PROVIDED DATA:
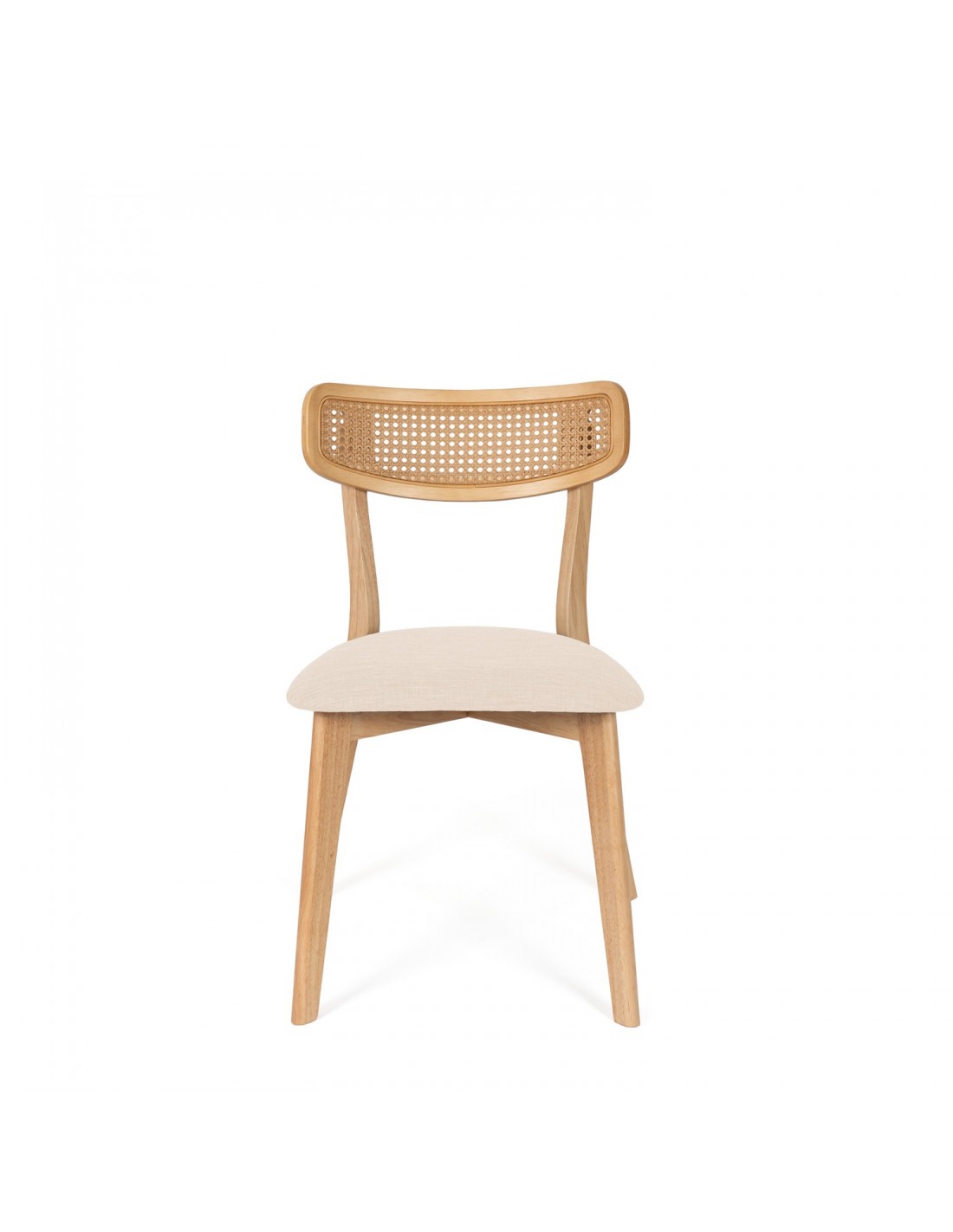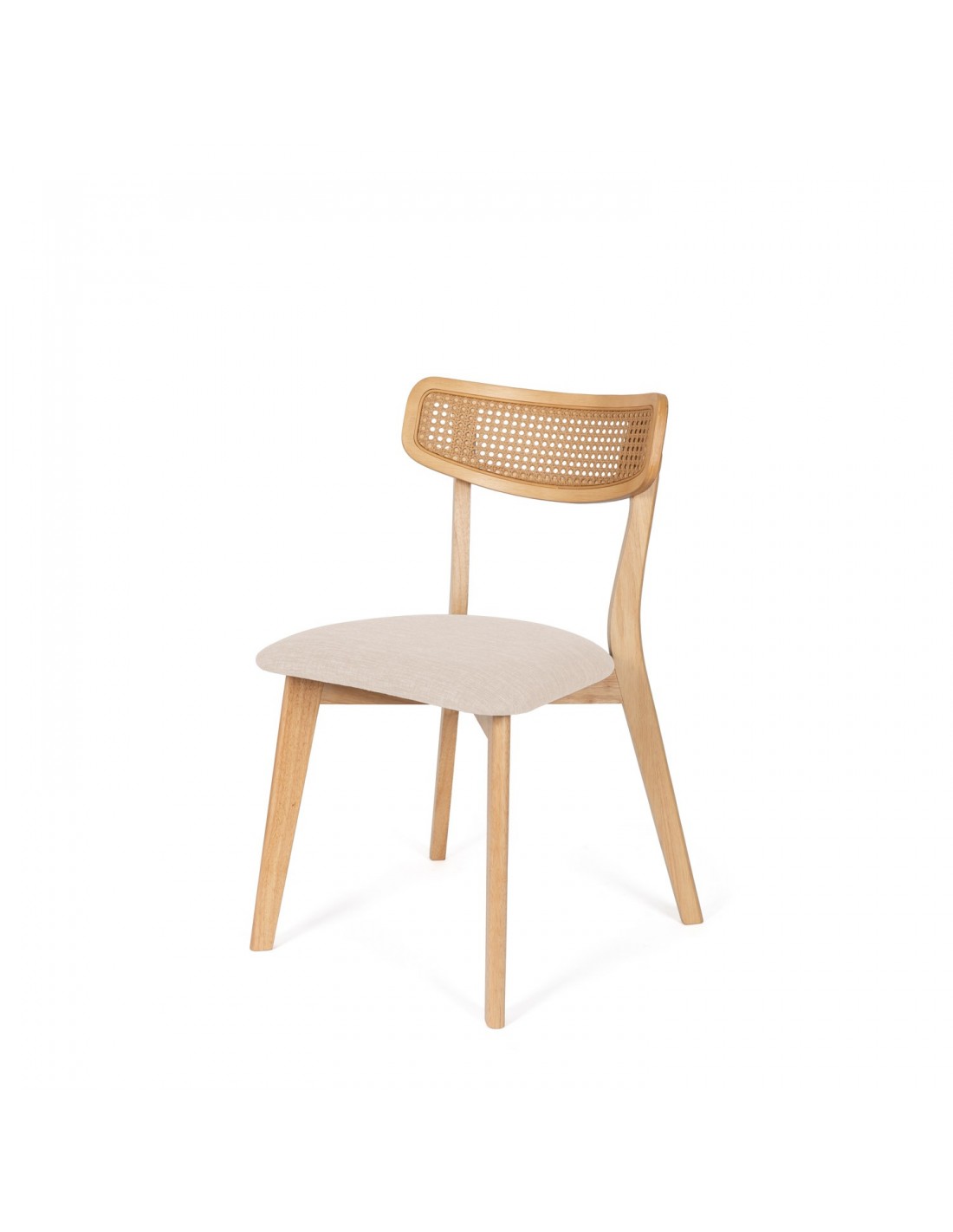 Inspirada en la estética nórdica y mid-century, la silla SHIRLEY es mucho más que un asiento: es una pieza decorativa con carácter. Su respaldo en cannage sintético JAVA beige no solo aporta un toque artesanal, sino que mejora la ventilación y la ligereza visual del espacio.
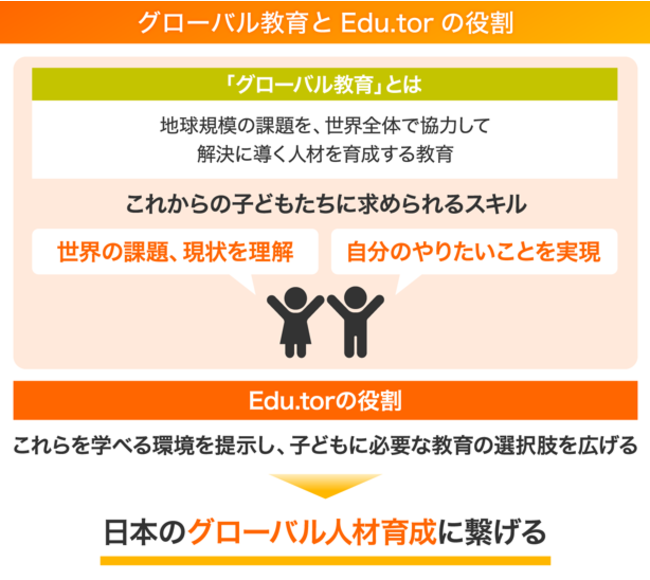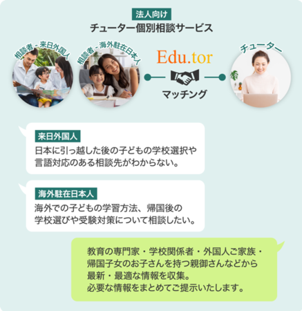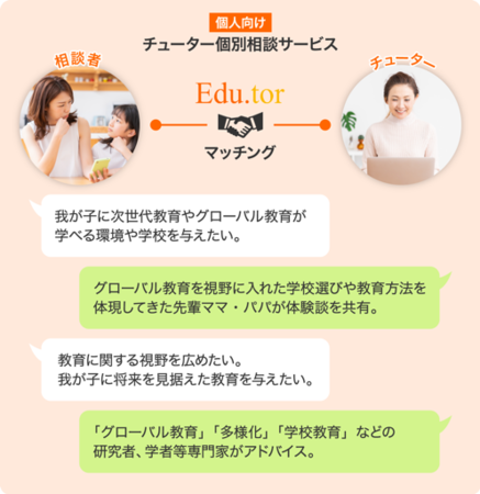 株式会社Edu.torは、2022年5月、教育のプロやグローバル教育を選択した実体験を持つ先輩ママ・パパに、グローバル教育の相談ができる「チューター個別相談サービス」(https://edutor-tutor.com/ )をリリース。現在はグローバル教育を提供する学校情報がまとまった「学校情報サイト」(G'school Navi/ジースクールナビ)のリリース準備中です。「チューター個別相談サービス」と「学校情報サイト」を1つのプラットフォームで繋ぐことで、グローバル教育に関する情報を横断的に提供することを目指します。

==

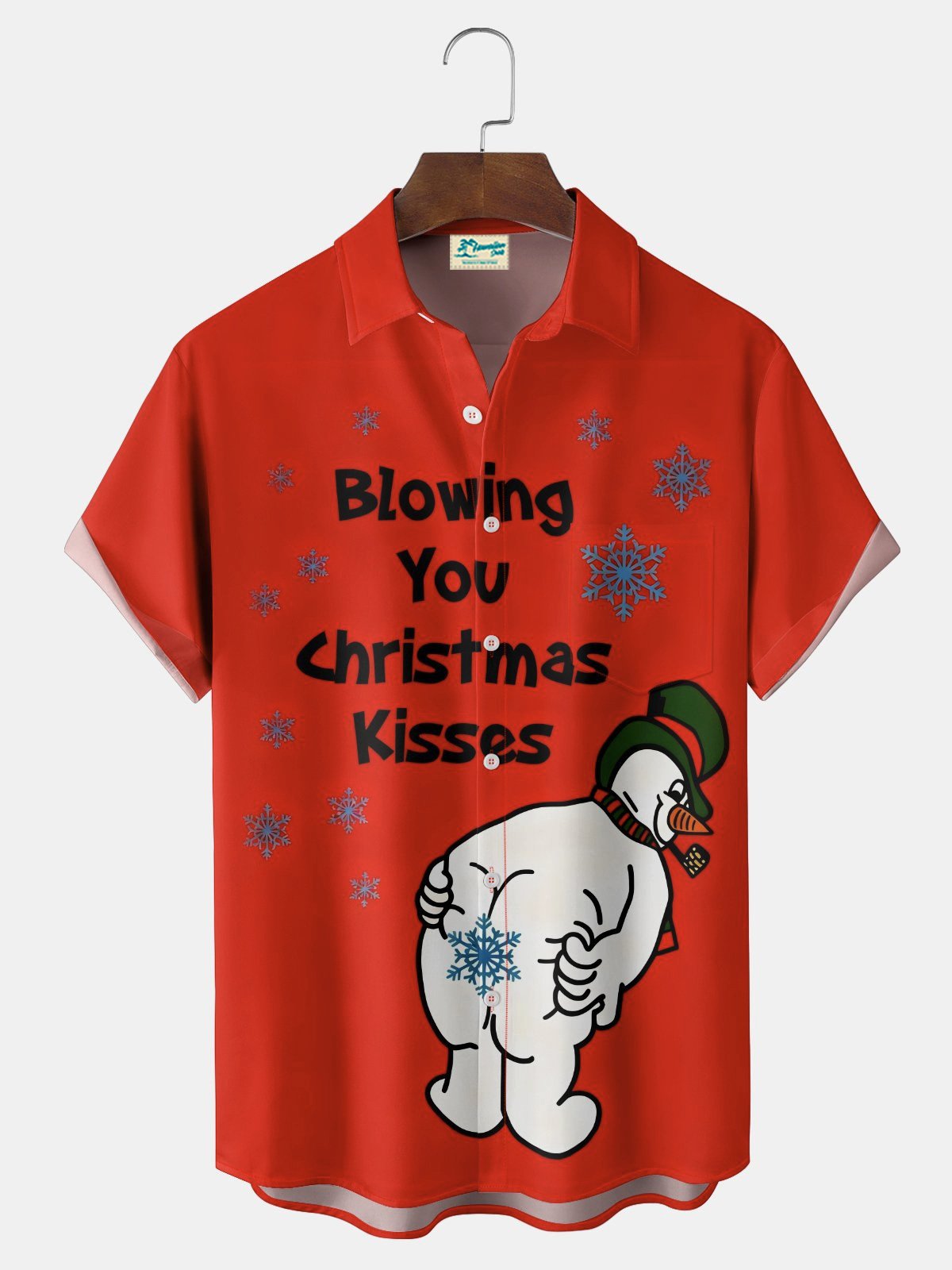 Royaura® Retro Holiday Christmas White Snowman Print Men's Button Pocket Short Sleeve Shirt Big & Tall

==

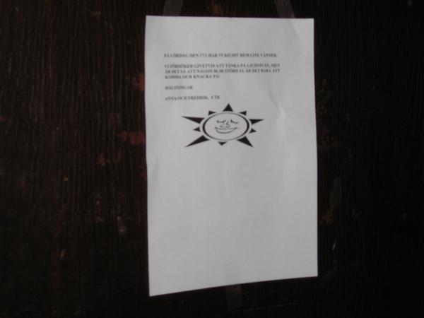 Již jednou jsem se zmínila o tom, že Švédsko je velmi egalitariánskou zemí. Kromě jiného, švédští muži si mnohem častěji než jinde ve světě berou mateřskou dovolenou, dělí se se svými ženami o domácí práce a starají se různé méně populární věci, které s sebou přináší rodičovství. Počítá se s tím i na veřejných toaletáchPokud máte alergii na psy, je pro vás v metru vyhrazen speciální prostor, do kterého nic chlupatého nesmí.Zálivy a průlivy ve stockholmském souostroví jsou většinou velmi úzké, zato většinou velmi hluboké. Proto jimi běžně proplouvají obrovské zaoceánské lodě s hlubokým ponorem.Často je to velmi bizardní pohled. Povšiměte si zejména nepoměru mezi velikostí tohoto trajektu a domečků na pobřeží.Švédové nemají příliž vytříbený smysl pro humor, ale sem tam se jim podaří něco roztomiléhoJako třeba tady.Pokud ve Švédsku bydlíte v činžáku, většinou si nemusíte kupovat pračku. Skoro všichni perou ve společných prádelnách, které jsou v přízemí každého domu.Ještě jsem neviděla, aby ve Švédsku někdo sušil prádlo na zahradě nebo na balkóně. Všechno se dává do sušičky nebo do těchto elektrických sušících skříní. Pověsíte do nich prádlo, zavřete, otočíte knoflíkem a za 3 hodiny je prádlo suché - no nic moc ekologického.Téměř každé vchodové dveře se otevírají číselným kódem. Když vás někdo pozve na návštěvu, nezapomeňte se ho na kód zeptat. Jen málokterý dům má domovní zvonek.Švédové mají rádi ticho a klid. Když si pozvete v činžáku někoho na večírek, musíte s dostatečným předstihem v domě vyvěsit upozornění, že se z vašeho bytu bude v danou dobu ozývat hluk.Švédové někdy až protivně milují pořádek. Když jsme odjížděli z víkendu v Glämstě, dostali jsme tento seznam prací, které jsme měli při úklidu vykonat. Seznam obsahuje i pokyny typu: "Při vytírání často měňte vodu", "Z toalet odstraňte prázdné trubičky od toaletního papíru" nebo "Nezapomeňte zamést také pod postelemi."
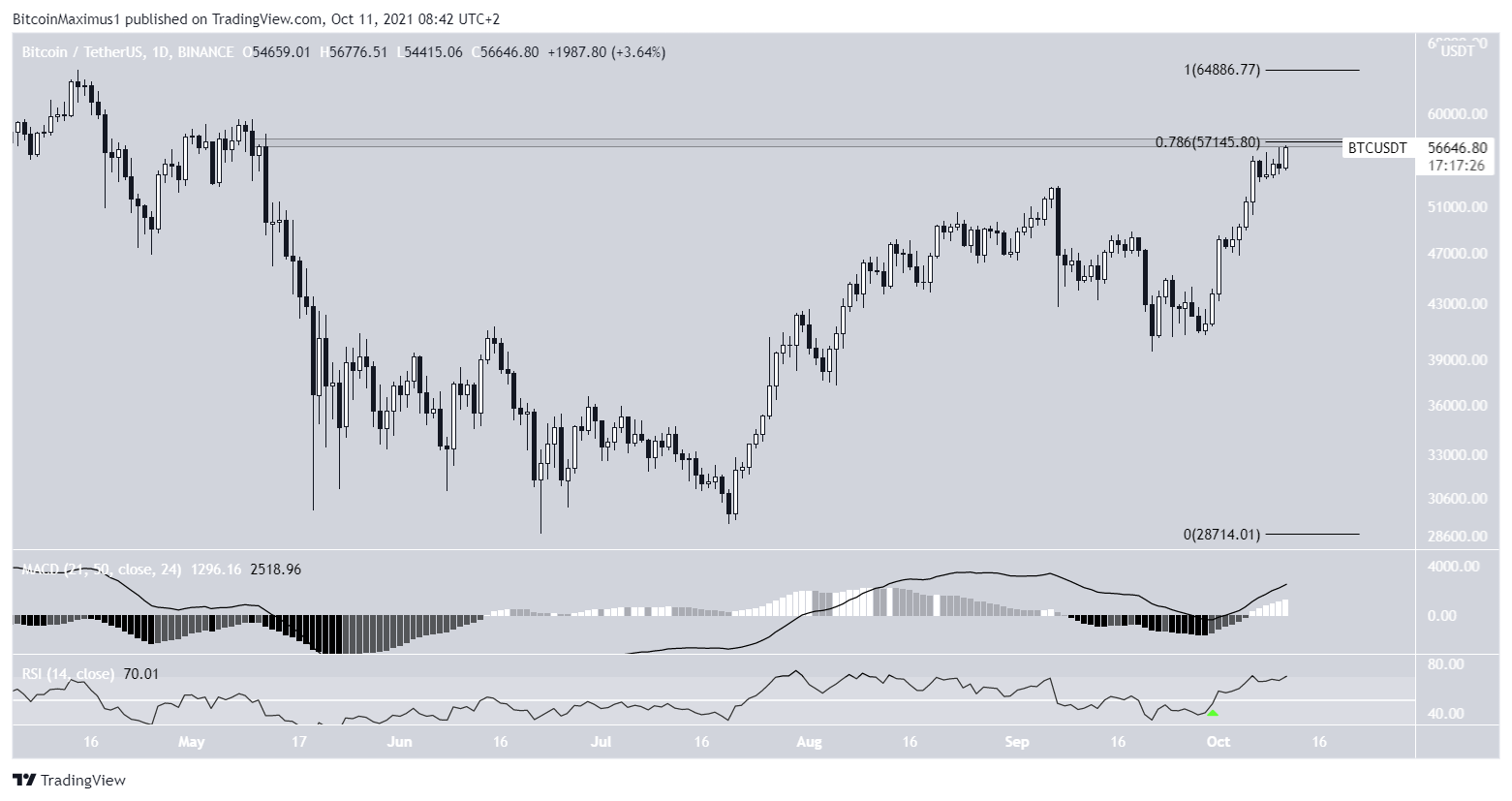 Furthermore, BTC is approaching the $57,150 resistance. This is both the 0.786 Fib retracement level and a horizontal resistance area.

DIRECTIONS: From the records above, copy only the lines running from the line holding "Již jednou jsem" through the line holding "Furthermore, BTC is", with no pictures.

TASK SOLUTION:
 Již jednou jsem se zmínila o tom, že Švédsko je velmi egalitariánskou zemí. Kromě jiného, švédští muži si mnohem častěji než jinde ve světě berou mateřskou dovolenou, dělí se se svými ženami o domácí práce a starají se různé méně populární věci, které s sebou přináší rodičovství. Počítá se s tím i na veřejných toaletáchPokud máte alergii na psy, je pro vás v metru vyhrazen speciální prostor, do kterého nic chlupatého nesmí.Zálivy a průlivy ve stockholmském souostroví jsou většinou velmi úzké, zato většinou velmi hluboké. Proto jimi běžně proplouvají obrovské zaoceánské lodě s hlubokým ponorem.Často je to velmi bizardní pohled. Povšiměte si zejména nepoměru mezi velikostí tohoto trajektu a domečků na pobřeží.Švédové nemají příliž vytříbený smysl pro humor, ale sem tam se jim podaří něco roztomiléhoJako třeba tady.Pokud ve Švédsku bydlíte v činžáku, většinou si nemusíte kupovat pračku. Skoro všichni perou ve společných prádelnách, které jsou v přízemí každého domu.Ještě jsem neviděla, aby ve Švédsku někdo sušil prádlo na zahradě nebo na balkóně. Všechno se dává do sušičky nebo do těchto elektrických sušících skříní. Pověsíte do nich prádlo, zavřete, otočíte knoflíkem a za 3 hodiny je prádlo suché - no nic moc ekologického.Téměř každé vchodové dveře se otevírají číselným kódem. Když vás někdo pozve na návštěvu, nezapomeňte se ho na kód zeptat. Jen málokterý dům má domovní zvonek.Švédové mají rádi ticho a klid. Když si pozvete v činžáku někoho na večírek, musíte s dostatečným předstihem v domě vyvěsit upozornění, že se z vašeho bytu bude v danou dobu ozývat hluk.Švédové někdy až protivně milují pořádek. Když jsme odjížděli z víkendu v Glämstě, dostali jsme tento seznam prací, které jsme měli při úklidu vykonat. Seznam obsahuje i pokyny typu: "Při vytírání často měňte vodu", "Z toalet odstraňte prázdné trubičky od toaletního papíru" nebo "Nezapomeňte zamést také pod postelemi."
 Furthermore, BTC is approaching the $57,150 resistance. This is both the 0.786 Fib retracement level and a horizontal resistance area.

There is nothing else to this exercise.